Солнечный луч начертил светлые квадраты на противоположной стене. Медленно поворачиваю голову. Палата еще спит, и только около стола подметает пол вчерашняя старушка в белом халате. Что-то располагающее во всем ее облике: в усталом и добром лице, небольшой аккуратной фигуре, больших крестьянских руках и окающем напевном говоре. Глядя на нее, я вспоминаю детство, дачу под Лугой, Мирево, далекое, забытое, солнечное. Бор с седым мхом, синее озеро и ручеек с незабудками. Папа уплывает далеко, на середину озера, там машет прощально рукой и исчезает с поверхности. Мама зовет его, волнуется и бегает по берегу. Через пару минут папина голова появляется снова, голова фыркает и улыбается, а мама в изнеможении садится на траву:
– Всю душу он у меня выматывает!
Пахнет соснами и свежестью. Мокрый папа хватает меня на руки, заносит подальше от берега и окунает с головой. Я реву. Вода попала в уши, нос, рот, а папа смеется: учись нырять!
Почему это все всплыло при взгляде на эту старушку? То ли она напоминает мне миревских крестьян, то ли мою няню Ксению, а скорее всего, она как-то вобрала в себя и лес, и озеро, и крестьянскую повадку, и ласковость старых русских женщин. Да и потом еще этот сон…

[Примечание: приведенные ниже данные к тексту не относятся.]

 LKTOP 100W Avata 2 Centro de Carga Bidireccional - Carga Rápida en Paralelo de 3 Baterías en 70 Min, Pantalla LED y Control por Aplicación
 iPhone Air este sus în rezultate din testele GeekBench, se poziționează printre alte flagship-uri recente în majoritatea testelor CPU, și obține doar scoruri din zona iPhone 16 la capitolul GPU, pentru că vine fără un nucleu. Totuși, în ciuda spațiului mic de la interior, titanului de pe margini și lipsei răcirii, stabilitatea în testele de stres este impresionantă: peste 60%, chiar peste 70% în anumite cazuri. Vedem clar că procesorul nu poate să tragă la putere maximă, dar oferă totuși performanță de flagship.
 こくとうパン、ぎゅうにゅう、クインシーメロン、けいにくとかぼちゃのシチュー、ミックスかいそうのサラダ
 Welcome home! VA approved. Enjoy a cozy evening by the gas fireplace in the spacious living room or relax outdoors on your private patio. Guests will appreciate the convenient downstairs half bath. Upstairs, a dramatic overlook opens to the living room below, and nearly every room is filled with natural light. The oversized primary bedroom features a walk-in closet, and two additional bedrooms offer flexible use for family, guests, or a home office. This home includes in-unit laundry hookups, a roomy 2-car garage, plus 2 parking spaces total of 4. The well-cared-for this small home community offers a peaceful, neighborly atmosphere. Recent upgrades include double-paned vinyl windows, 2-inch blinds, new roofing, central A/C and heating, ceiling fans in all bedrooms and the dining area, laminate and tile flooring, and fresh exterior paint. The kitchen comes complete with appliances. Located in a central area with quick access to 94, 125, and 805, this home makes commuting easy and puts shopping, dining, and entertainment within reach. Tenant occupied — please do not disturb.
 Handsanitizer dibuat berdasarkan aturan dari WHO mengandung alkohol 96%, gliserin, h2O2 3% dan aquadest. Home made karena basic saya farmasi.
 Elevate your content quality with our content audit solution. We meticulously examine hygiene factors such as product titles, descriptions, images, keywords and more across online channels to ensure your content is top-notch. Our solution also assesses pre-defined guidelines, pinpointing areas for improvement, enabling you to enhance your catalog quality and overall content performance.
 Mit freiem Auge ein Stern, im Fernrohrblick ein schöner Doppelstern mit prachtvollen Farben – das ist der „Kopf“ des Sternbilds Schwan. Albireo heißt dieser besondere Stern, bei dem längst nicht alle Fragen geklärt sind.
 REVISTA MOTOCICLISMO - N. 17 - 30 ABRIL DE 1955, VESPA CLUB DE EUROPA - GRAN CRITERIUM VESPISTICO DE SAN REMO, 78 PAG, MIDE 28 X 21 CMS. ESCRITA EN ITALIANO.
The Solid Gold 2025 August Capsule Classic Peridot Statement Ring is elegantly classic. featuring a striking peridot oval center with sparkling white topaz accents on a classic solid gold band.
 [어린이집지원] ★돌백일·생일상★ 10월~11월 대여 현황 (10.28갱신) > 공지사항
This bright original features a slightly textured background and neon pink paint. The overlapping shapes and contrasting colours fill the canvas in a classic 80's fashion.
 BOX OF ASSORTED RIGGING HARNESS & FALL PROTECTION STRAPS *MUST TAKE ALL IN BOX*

– Няня! – говорю я. – Вы сны умеете разгадывать?
Она перестает мести.
– Что за сон, родимой?
Мне приснилась полная плошка земляники с черникой, и все это в молоке. К чему это? Я задаю вопрос, не надеясь получить объяснение, мне просто приятно слышать ее напевный голос. Однако она задумывается.
– Это хороший сон, – говорит она уверенно, опершись на швабру. – Молоко – это прибыль. Красна ягода – радость. Черна ягода – грусть. Будет у тебя прибыль и радость, с грустью смешанная.
– Как это так?
– А так и будет. Вот помяни мое слово!
Она выходит из палаты. Задумываюсь. Грусти много, а в чем радость? Радость сейчас только в том, когда утихают боли, а они хоть и стали значительно слабее, но не отпускают ни на минуту.
Странные вещи творятся со мной после операции. Я весь цвету. Ноги покрылись мелкими прыщиками, все лицо стало нечистым, на носу, на губах, на лбу какие-то цветные пятна. Евдокия Ильинична говорит, что это от большого поступления новой крови.
Все это – «пыль на вазе» по сравнению с основной бедой.
Гремит таз о железную спинку кровати. Палата просыпается, начинается утреннее умывание.
В палате у нас все, кроме меня, – «галифешники». Так называются больные с ранением бедренной кости. В Первую мировую войну французский генерал Галифе был ранен в бедро. Кость срослась, но образовала характерный выгиб наружу. Бравый и щеголеватый генерал не мог потерпеть такого уродства и после окончательного заживления раны заказал себе брюки особою покроя, скрывавшие изъян. Брюки французского генерала вошли потом в моду, больше того, были приняты как форма во многих европейских армиях и получили название «галифе».
Население палаты – десять человек. Ближайшие мои соседи – Женька Евграфов, сероглазый блондин; Андрей, угрюмый парень с красивым голосом (он часто поет, и все одну и ту же песню: «Знаю, ворон, твой обычай – ты сейчас от мертвых тел…»); пожилой узбек и деревенский добродушный мужичок Палагин по прозвищу Мать дорогá.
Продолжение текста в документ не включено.